在过去,我写过 数据目录是如何失败的 有三个关键原因: 

  • 自动化需求增加: Traditional data catalogs and governance methodologies typically rely on data teams to do the heavy lifting of manual data entry, holding them responsible for updating the catalog as data assets evolve. 这种方法不仅耗费时间, but requires significant manual toil that could otherwise be automated, freeing time up for data engineers and analysts to focus on projects that actually move the needle.
  • 随数据变化而伸缩的能力: Data catalogs work well when data is structured, but in 2021, that’s not always the case. As machine-generated data increases and companies invest in ML initiatives, 非结构化数据变得越来越普遍, 占所有新产生数据的90%以上. 
  • 缺乏分布式架构: Despite the distribution of the modern data architecture (see: 数据网格) and the move towards embracing semi-structured and unstructured data as the norm, most data catalogs still treat data like a one-dimensional entity. 当数据被聚合和转换时, 它流经数据堆栈的不同元素, 几乎不可能记录下来.

And I shared why teams need to think more creatively about data catalogs by applying principles of data discovery. 简而言之, 数据发现指的是拥有特定于领域的数据, dynamic understanding of your data based on how it’s being ingested, 存储, 聚合, 由一组特定的消费者使用. 数据发现是推荐一个正规滚球网站能力的核心, 作为数据从业者, to make sense of what we’re working with and communicate this “sense” to our stakeholders. 

那么,好的数据发现的结果是什么呢? 这取决于你问谁. 

我建议你检查所有适用的选项: 

  • 数据质量
  • 数据治理 & 合规
  • 协作
  • 理解
  • 讨论
  • 可视化
  • 安全
  • 可靠性
  • 报道
  • 可用性
  • 世界和平

这个列表让人不知所措. This isn’t to say that a great data catalog can’t check multiple boxes. 他们可以——而且确实这样做了. 但如果推荐一个正规滚球网站没有明确的目标, how can we possibly track how we’re measuring up against them? 

Here are some measurements we’ve seen used to track data catalog performance.  同样,检查所有适用的选项:

  • 数据的准确性
  • 数据新鲜度
  • 使用量度
  • 访问数据的速度
  • 编目数据的数量

But there’s something missing here: these metrics track “solution-based” outcomes, but will these actually tell you whether the data is 有用的? 什么是可靠的? 还是值得信赖的? 这正是数据目录经常丢失的地方. 

Modern data catalogs are all-too-frequently without a clear identity: in other words, a user story.

数据目录能找到自己的方式吗? 

In a past life, one of our former colleagues spent two years building a data dictionary no one used. 为什么? When his team was done, the requirements were stale and the solution was no longer relevant. 
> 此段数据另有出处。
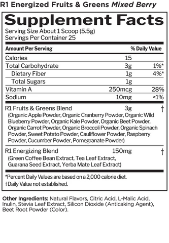 RULE 1 ENERGIZED FRUITS AND GREENS 25 SERVES - MIXED BERRY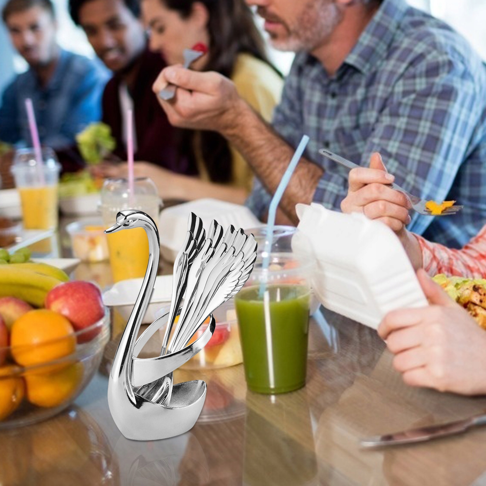 НАБОР СТОЛОВЫХ ПРИБОРОВ С ЛЕБЕДЕМ, ПОДСТАВКОЙ И 6 ВИЛКАМИ, НЕРЖАВЕЮЩАЯ НЕРЖАВЕЮЩАЯ

Unfortunately, his experience is often the norm, not the exception. 而产品愿景为任何好的解决方案铺平了道路, more powerful technologies developed and outcomes are had when we build to solve actual customer problems. 现在, with data needs moving at the speed of light no matter where you look, 这种以客户为中心的方法比以往任何时候都更加重要.

Data catalogs are incredibly important as they are a literal index of how we measure the world. 但推荐一个正规滚球网站不认为他们真的会 有用的 直到它们被设计成有目的性的. 

但也许这只是推荐一个正规滚球网站的问题……无论如何, we’re eager to see how the great data catalog identity crisis pans out.

你是? 

Do you know what in the world is going on with data catalogs? 推荐一个正规滚球网站都是耳朵. 接触 巴尔摩西 or 戈登黄.